Despite expressing skepticism about an efficiencies defense, the Ninth Circuit acknowledged that “a defendant can rebut a prima facie case with evidence that the proposed merger will create a more efficient combined entity and thus increase competition.” The Court also noted that efficiencies must be merger-specific and verifiable, as explained in the FTC/DOJ Horizontal Merger Guidelines.
Applying these principles to the present case, the Ninth Circuit stated that “[i]t is not enough to show that the merger would allow St. Luke’s to better serve patients.” The Court noted that the district court did not find that the merger would increase competition or decrease prices. Acknowledging St. Luke’s "laudable" goal of improving patient care, the Ninth Circuit nevertheless concluded that “the Clayton Act does not excuse mergers that lessen competition or create monopolies simply because the merged entity can improve its operations.” The Ninth Circuit thus rejected the argument put forward by some healthcare providers and policy advocates that the Affordable Care Act’s goal of greater integrated care requires more consolidation of providers, including hospitals and physician practices, and may justify otherwise anticompetitive mergers.
This case provides a number of useful takeaways, not only for those considering acquisitions in the healthcare sector, but for other industries as well:
- Internal correspondence and documents of merging parties, whether prepared in the ordinary course of business or specifically for the transaction, continue to play a key evidentiary role in the merger review process. Since the burden of proving harm to competition rests with the government, it will need sufficient evidence to support its theories of anticompetitive effects in order to prevail in court. Conversely, merging parties will bear the onus of putting forth credible evidence to support efficiencies claims and other defenses.

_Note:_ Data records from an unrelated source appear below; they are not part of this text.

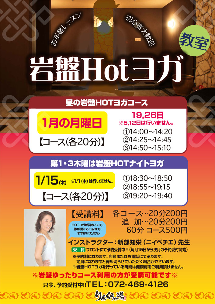 岩盤HOTヨガ : 1月の月曜日(1月19日・26日※5日、12日は行いません)
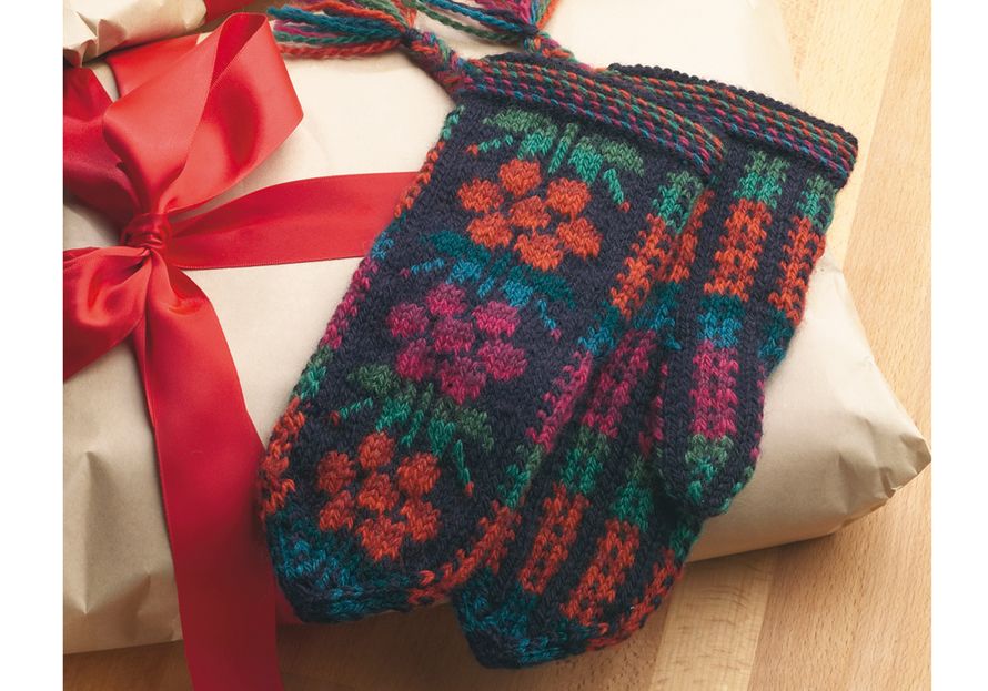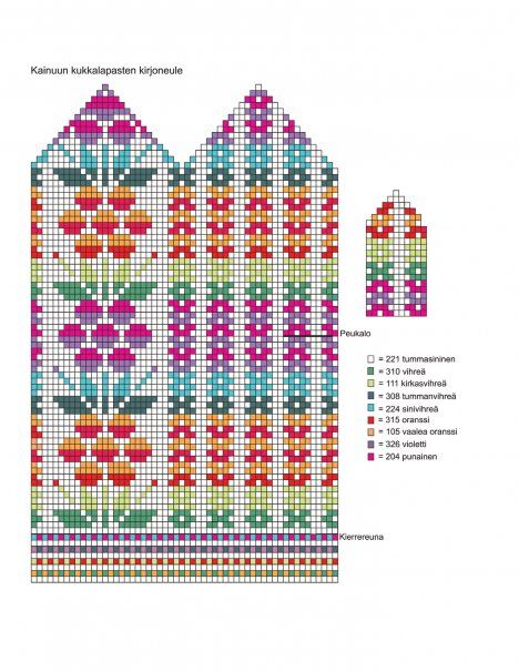 Peukalo: Ota apulangalta s:t puikolle, poimi s:t luotujen silmukoiden reunasta ja peukaloaukon kummastakin reunasta = 19–21 s. Jaa ne kolmelle puikolle ja neulo kämmenen kirjoneuleen mukaan 5 cm. Kavenna sitten joka puikon lopussa 2 s o yhteen joka kerroksella. Kun jäljellä on 3 s, vedä lanka niiden läpi. Neulo toinen lapanen peilikuvaksi.
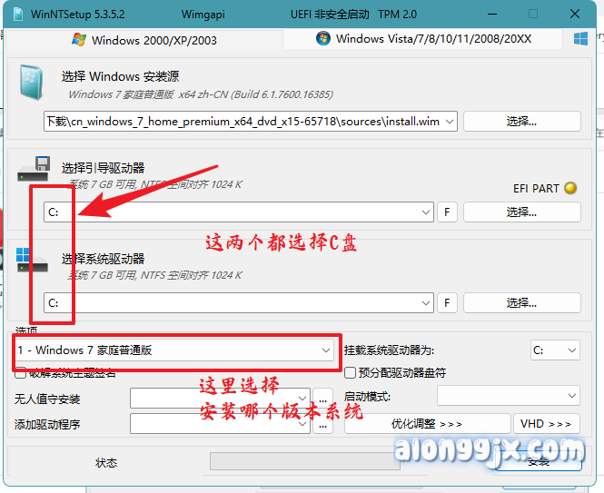 3、选择引导驱动器和磁盘安装的位置这两个选项都选 C 盘,下方选项里可以选择版本,家庭版、专业版等等根据你自己需求选择
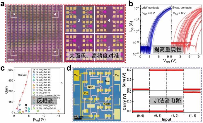该研究开发的大面积范德华集成技术还引入了接触式光刻的对准技术,可以进行大面积、高精度批量对准,对准误差只有几微米。基于这一技术,该研究可以基于相同的单层MoS2材料进行大面积范德华接触二维晶体管与传统蒸镀接触晶体管性能的统计对比研究,证实范德华接触避免了传统器件制备工艺中引入的不可控的损伤,不仅具有多方面更好的晶体管性能指标,还具有高均匀性和重现性。进一步用于制备范德华集成MoS2反相器和逻辑电路,分别展现出高的增益和低的逻辑运算电压损耗。这些结果表明这种大面积范德华集成技术具有一定的实用价值,有利于推动二维材料与半导体工业的融合。
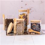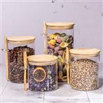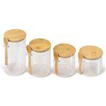 Zeitloses Design trifft funktionale Vorratshaltung: Das Vorratsgläser Set mit Bambusdeckel vereint praktische Aufbewahrung mit ästhetischem Anspruch. Vier unterschiedlich grosse Glasbehälter mit passendem Bambusdeckel und Löffel bieten eine hygienische Lösung zur Lagerung von Lebensmitteln wie Müesli, Hülsenfrüchte, Nüsse, Kräuter, Reis, Zucker und viele mehr. Die klaren Glaswände ermöglichen jederzeit eine schnelle Sichtkontrolle des Inhalts, während der luftdichte Verschluss die Frische bewahrt. Die passenden Löffel sind platzsparend am Glas befestigt – ideal für den täglichen Einsatz in Küche oder Speisekammer. Ein durchdachtes Aufbewahrungssystem für strukturierte Vorratshaltung mit Stil. Stapelbare Vorratsgläser in 4 Grössen: Ø 10 x 10 cm (650 ml), Ø 10 x 12 cm (750 ml), Ø 10 x 15 cm (1000 ml), Ø 10 x 20 cm (1400 ml).

- Generic efficiencies arguments will not carry much weight with antitrust agencies or courts. This decision suggests that, in addition to demonstrating that claimed efficiencies are merger-specific and not merely speculative, transaction parties should show that they would have a positive effect on competition. Further, efficiencies arguments are likely to have a better chance of success during the investigation stage of a merger review before the antitrust agencies, rather than in litigation.
- Antitrust agencies will investigate and challenge even smaller deals that are not reportable under the Hart-Scott-Rodino Act if they are likely to have anticompetitive effects.